DiTCtrl: Exploring Attention Control in Multi-Modal Diffusion Transformer for Tuning-Free Multi-Prompt Longer Video Generation

Minghong Cai^{1 †}, Xiaodong Cun², Xiaoyu Li^{3 ✉}, Wenze Liu¹, Zhaoyang Zhang³, Yong Zhang⁴, Ying Shan³, Xiangyu Yue^{1 ✉}
¹MMLab, The Chinese University of Hong Kong ²GVC Lab, Great Bay University ³ARC Lab, Tencent PCG ⁴Tencent AI Lab
†: Intern at ARC Lab, Tencent PCG, ✉: Corresponding Authors

📋 News

2024.12.24 Release Code and demo on CogVideoX-2B!

🔆Demo

Longer Multi-Prompt Text-to-video Generation

Longer Single-Prompt Text-to-video Generation

Our method can naturally work on single-prompt longer video generation by setting sequential multi-prompts as the same. This shows that our method can enhance the consistency of single prompt in long video generation.

Video Editing

Removing our latent blending strategy of our approach DiTCtrl, we can achieve the video editing performance of Word Swap like prompt-to-prompt. Specifically, we just use KV-sharing strategy to share keys and values from source prompt P_source branch, so that we can synthesize a new video to preserve the original composition while also addressing the content of the new prompt P_target.

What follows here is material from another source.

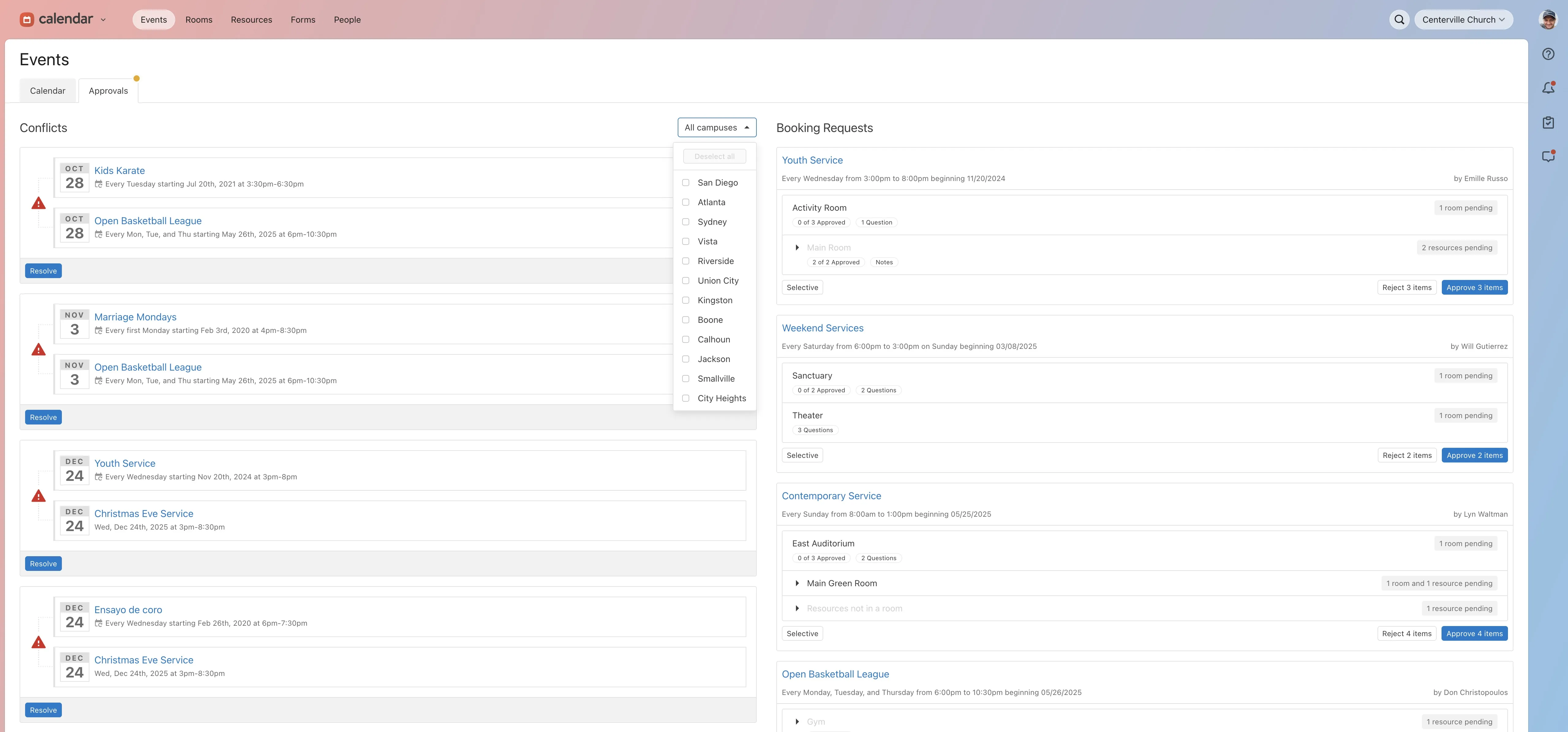 If your church has multiple campuses, managing room and resource conflicts just got a whole lot easier. We've added campus filters for conflicts, so conflict resolvers can now quickly narrow down conflicts to only the ones relevant to their campus.:quality(80))

Similar to prompt-to-prompt, through reweighting the specific columns and rows corresponding to specified token (e.g. "pink") in the MM-DiT's Text-Video attention and Video-Text attention, we can also achieve the video editing performance of Reweight.

🎏 Abstract

TL; DR: DiTCtrl is the first tuning-free approach based on MM-DiT architecture for coherent multi-prompt video generation. Our key idea is to take the multi-prompt video generation task as temporal video editing with smooth transitions.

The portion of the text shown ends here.